Segment Start: Records for the task
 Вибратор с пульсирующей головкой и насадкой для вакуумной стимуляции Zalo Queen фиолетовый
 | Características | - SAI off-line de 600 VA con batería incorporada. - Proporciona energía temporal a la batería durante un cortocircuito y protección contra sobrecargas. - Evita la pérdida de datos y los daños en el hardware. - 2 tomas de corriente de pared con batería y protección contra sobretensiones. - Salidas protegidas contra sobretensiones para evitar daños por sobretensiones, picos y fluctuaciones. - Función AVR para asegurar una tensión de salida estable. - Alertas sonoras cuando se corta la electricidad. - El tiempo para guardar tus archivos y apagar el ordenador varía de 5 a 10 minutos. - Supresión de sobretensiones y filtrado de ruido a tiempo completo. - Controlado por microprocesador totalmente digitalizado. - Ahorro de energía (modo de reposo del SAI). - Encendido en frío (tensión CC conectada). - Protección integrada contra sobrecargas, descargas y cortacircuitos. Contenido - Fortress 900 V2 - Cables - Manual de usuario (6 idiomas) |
Segment End: Records for the task
Segment Start: Records for the task
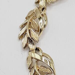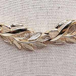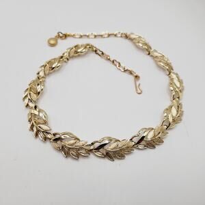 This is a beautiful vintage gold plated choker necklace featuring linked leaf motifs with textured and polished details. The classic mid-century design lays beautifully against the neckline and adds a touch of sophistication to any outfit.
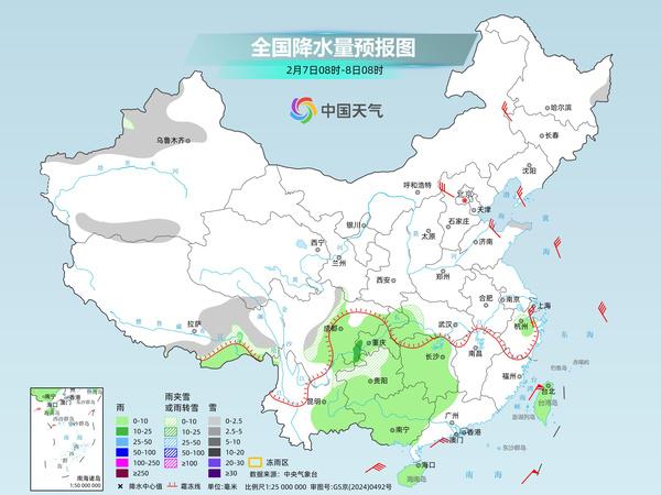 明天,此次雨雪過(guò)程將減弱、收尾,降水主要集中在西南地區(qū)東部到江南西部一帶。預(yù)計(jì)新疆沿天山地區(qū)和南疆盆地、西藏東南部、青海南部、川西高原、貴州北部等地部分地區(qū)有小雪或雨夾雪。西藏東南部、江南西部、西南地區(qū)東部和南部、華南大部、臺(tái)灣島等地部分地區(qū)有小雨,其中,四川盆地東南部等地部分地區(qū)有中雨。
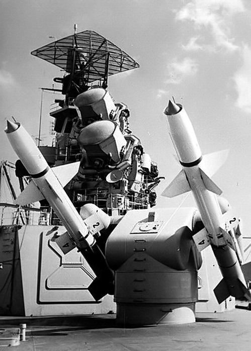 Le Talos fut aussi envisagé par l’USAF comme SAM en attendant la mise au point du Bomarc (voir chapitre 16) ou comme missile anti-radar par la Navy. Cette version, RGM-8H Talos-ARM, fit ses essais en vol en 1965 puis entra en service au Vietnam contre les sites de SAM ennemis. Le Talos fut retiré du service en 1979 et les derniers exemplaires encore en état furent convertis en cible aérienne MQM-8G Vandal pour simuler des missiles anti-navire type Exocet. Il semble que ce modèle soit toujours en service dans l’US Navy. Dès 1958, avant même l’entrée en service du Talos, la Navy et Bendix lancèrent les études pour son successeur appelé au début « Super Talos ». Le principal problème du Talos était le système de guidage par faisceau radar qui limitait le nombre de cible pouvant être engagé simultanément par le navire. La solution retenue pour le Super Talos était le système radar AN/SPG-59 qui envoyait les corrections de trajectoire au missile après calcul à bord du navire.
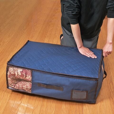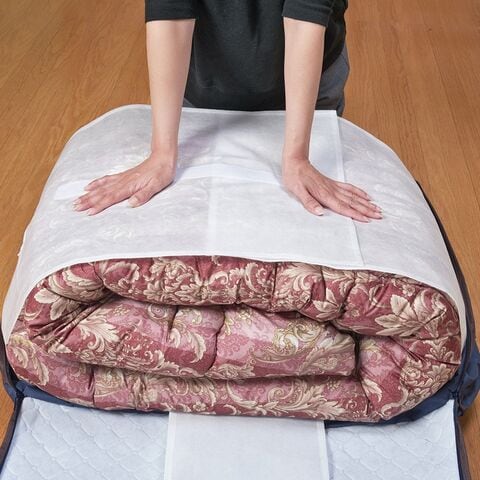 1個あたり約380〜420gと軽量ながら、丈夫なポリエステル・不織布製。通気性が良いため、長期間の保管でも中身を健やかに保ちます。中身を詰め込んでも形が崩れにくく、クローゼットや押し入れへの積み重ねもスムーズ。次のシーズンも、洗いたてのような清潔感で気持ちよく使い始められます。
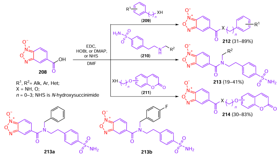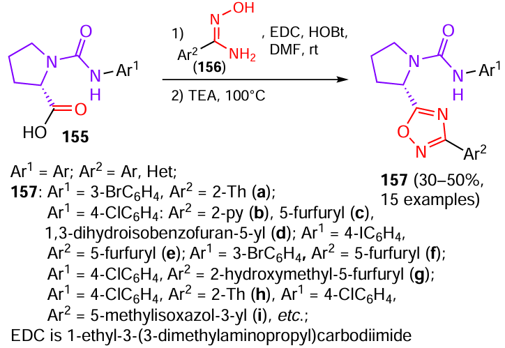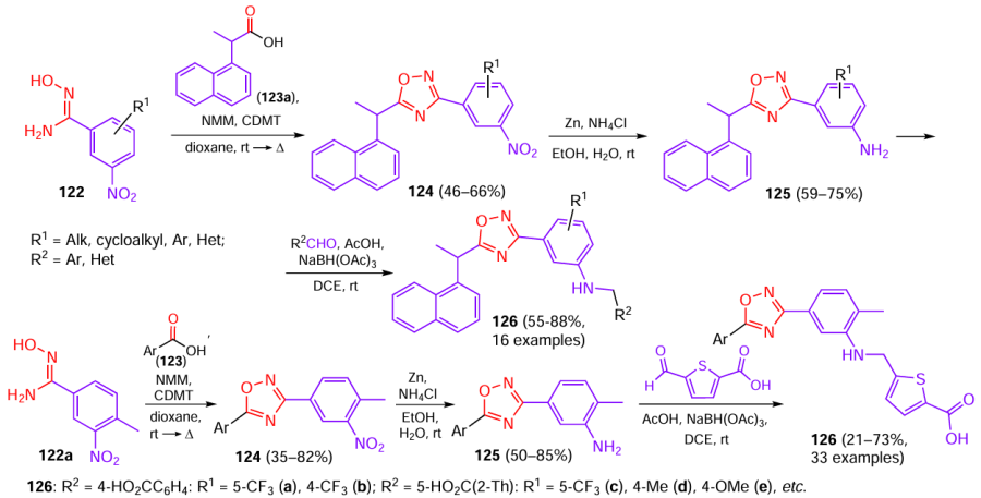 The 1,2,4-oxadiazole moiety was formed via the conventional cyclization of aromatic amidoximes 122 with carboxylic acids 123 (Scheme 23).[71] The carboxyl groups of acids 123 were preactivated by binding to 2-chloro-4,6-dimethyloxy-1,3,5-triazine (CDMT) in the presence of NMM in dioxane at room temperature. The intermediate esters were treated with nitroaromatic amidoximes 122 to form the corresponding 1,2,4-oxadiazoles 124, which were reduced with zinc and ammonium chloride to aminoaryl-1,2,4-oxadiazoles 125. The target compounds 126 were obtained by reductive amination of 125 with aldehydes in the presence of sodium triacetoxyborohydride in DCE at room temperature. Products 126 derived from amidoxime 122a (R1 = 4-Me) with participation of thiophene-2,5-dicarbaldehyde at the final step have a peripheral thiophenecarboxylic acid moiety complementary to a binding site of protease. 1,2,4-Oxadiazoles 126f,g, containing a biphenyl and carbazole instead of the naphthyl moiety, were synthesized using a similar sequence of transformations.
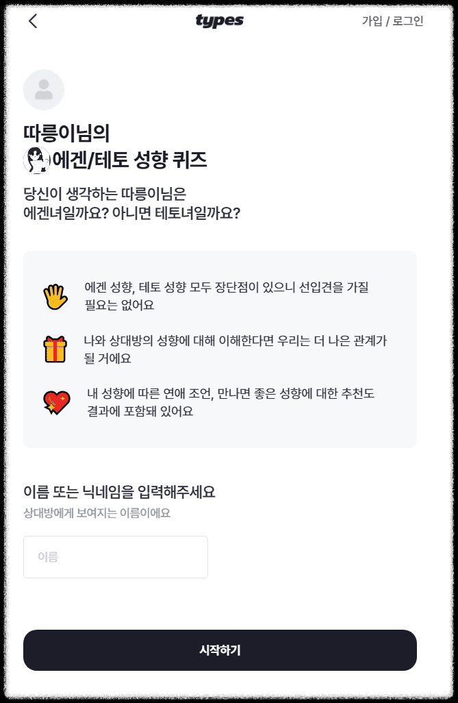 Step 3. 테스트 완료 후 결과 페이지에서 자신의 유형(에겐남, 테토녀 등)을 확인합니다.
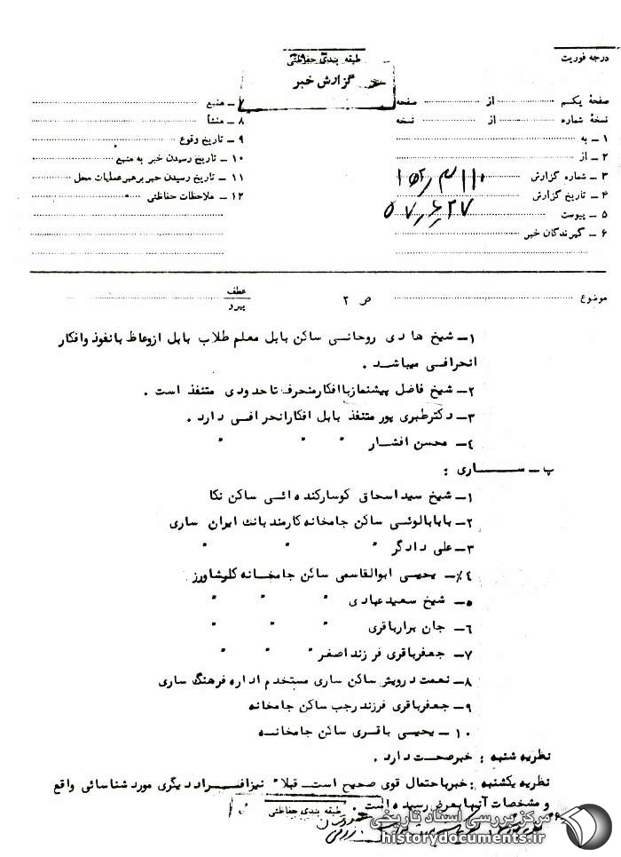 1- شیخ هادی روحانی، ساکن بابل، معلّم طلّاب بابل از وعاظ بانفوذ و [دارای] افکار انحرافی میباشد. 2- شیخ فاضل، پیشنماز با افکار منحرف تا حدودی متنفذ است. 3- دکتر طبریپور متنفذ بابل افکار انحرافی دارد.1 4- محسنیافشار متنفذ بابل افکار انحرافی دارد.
Segment End: Records for the task
- **Requirement**: Only one stretch of the data is wanted: write out exactly the lines from the one holding "1個あたり約380〜420g" through the one holding "1- شیخ هادی", both included, without the pictures.

- **Answer to this exercise**:
 1個あたり約380〜420gと軽量ながら、丈夫なポリエステル・不織布製。通気性が良いため、長期間の保管でも中身を健やかに保ちます。中身を詰め込んでも形が崩れにくく、クローゼットや押し入れへの積み重ねもスムーズ。次のシーズンも、洗いたてのような清潔感で気持ちよく使い始められます。
 The 1,2,4-oxadiazole moiety was formed via the conventional cyclization of aromatic amidoximes 122 with carboxylic acids 123 (Scheme 23).[71] The carboxyl groups of acids 123 were preactivated by binding to 2-chloro-4,6-dimethyloxy-1,3,5-triazine (CDMT) in the presence of NMM in dioxane at room temperature. The intermediate esters were treated with nitroaromatic amidoximes 122 to form the corresponding 1,2,4-oxadiazoles 124, which were reduced with zinc and ammonium chloride to aminoaryl-1,2,4-oxadiazoles 125. The target compounds 126 were obtained by reductive amination of 125 with aldehydes in the presence of sodium triacetoxyborohydride in DCE at room temperature. Products 126 derived from amidoxime 122a (R1 = 4-Me) with participation of thiophene-2,5-dicarbaldehyde at the final step have a peripheral thiophenecarboxylic acid moiety complementary to a binding site of protease. 1,2,4-Oxadiazoles 126f,g, containing a biphenyl and carbazole instead of the naphthyl moiety, were synthesized using a similar sequence of transformations.
 Step 3. 테스트 완료 후 결과 페이지에서 자신의 유형(에겐남, 테토녀 등)을 확인합니다.
 1- شیخ هادی روحانی، ساکن بابل، معلّم طلّاب بابل از وعاظ بانفوذ و [دارای] افکار انحرافی میباشد. 2- شیخ فاضل، پیشنماز با افکار منحرف تا حدودی متنفذ است. 3- دکتر طبریپور متنفذ بابل افکار انحرافی دارد.1 4- محسنیافشار متنفذ بابل افکار انحرافی دارد.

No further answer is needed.